There is nothing very foreign in the circumstance of Molly'south grandfather becoming the possessor of a Cluricaune's shoe, for even in the present century, when these little people are supposed to have grown more shy and cautious of letting themselves be seen or heard, persons accept been fortunate enough to go their shoes, though the purse withal eludes them.

In a Kilkenny newspaper, published not more 3 years ago, there was a paragraph (which paragraph was copied into well-nigh of the Irish papers) stating that a peasant returning dwelling in the dusk of the evening, discovered ane of these trivial folk at piece of work, and as the workman, as usual, contrived to brand his escape, the peasant secured the shoe to evidence of the fact, which shoe, to satisfy public marvel, lay for inspection at the function of the said paper. It is therefore non impossible that this specimen of Cluricaune cordwainry may notwithstanding exist.

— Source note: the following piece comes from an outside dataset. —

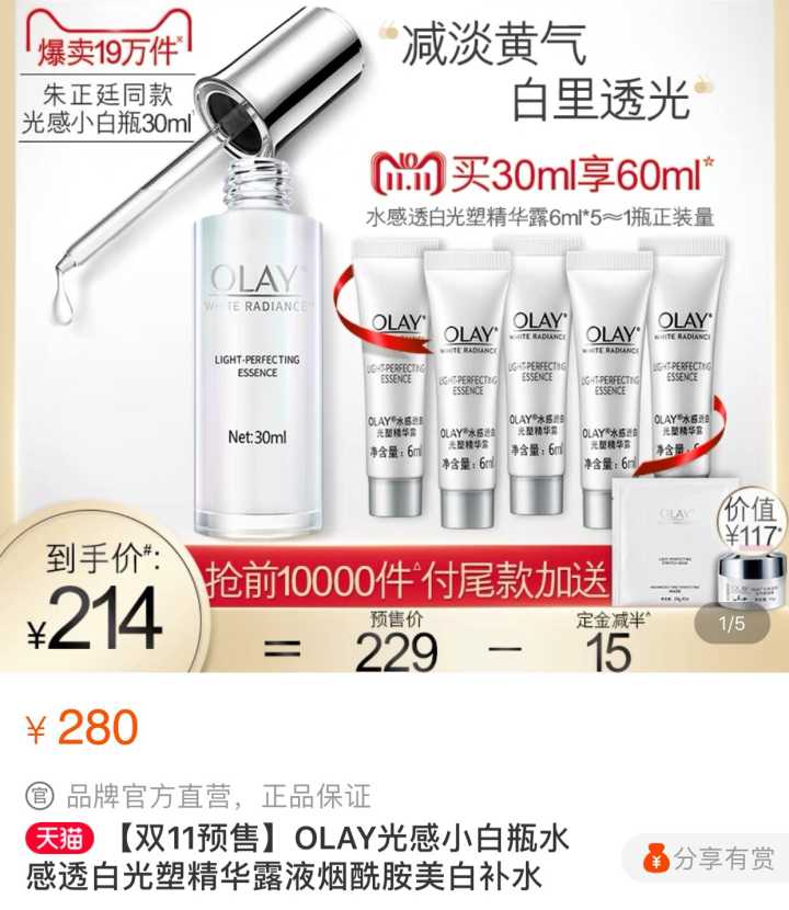 平价美白精华,双十一购入相当于买一送一

  • Source (books.google.com): Thomas Crofton Croker, Fairy Legends and Traditions of the Southward of Ireland (London: John Murray, 1825), pp. 211-14.
  • Source (Internet Annal): Thomas Crofton Croker, Fairy Legends and Traditions of the South of Ireland (London: John Murray, 1825), pp. 211-fourteen.
  • Return to the tabular array of contents.


Cluricaune or Leprehaune

Thomas Crofton Croker

Cluricaune or Leprehaune is the proper noun given to the Irish Puck. The character of this goblin is a chemical compound of that of the Scotch Brownie and the English language Robin Goodfellow. He is depicted (for engraved portraits of the Irish Leprehaune are in existence) as a pocket-size and withered old human, completely equipped in the costume of a cobler, and employed in repairing a shoe. A paragraph recently appeared in a Kilkenny paper stating, that a labourer, returning home in the dusk of the evening, discovered a Leprehaune at piece of work, from whom he bore away the shoe which he was mending; every bit a proof of the veracity of his story information technology was farther stated, that the shoe lay for the inspection of the curious at the newspaper role.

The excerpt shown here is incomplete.